Scientists have unearthed the largest dinosaur fossil site ever found in Scotland.
The collection of hundreds of dinosaur footprints and handprints is helping scientists learn about the long-necked, massive sauropods that lived 170 million years ago.
"What really strikes me is that the tracks are really big, and there are so many of them," said and email from Stephen Brusatte, from the University of Edinburgh's school of geosciences and the lead author of a paper published in the Scottish Journal of Geology.
"Looking at the mad jumble of tracks it looks like a dance floor, like a dinosaur disco."
Scientists found the tracks on the Isle of Skye, in the Scottish Highlands.
Brusatte and his team initially went to the site to look for small fossils after being tipped off by a geologist, who found a crocodile bone in the area.
They collected a bunch of fish and shark teeth, but it wasn't until they were walking back to their vehicles at the end of the day that they noticed the tracks.
The team discovered hundreds of footprints in at least three layers of rock, Brusatte said.
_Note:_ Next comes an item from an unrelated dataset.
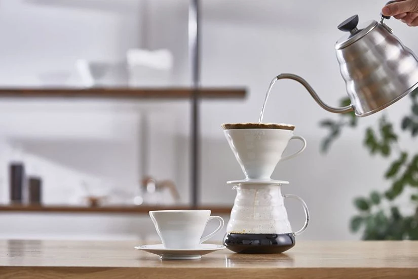 Stylish Hario V60 cup and saucer with the cult wave design. Handmade in Japan, from high quality porcelain. Created with use of a 400-year-old method.

The largest track is 70 centimetres in diameter.
The scientists' preliminary study of the tracks has already produced new information about sauropods. The ones living in the area likely were as long as 15 metres and weighed more than 10 tonnes, which is almost double the weight of an African elephant, which is currently the world's largest land animal.
The layers of tracks mean the sauropods were living in this environment for generations.
The dinosaurs likely spent a lot of time in water, in a marine-brackish lagoon environment, according to the scientists who studied the site. The dinosaurs were once believed to be primarily land based.
Tracks are a really important tool for learning about extinct animals. Unlike bones and teeth, which can be transported by water, tracks are stagnant.
"They record real animals interacting with their environment," Brusatte said.
Despite their initial findings, Brusatte said their work is just getting started. He and others will laser scan the fossils and comprehensively map them.
"That should tell us more about how many sauropods were there, how big they were, and how they moved," he said.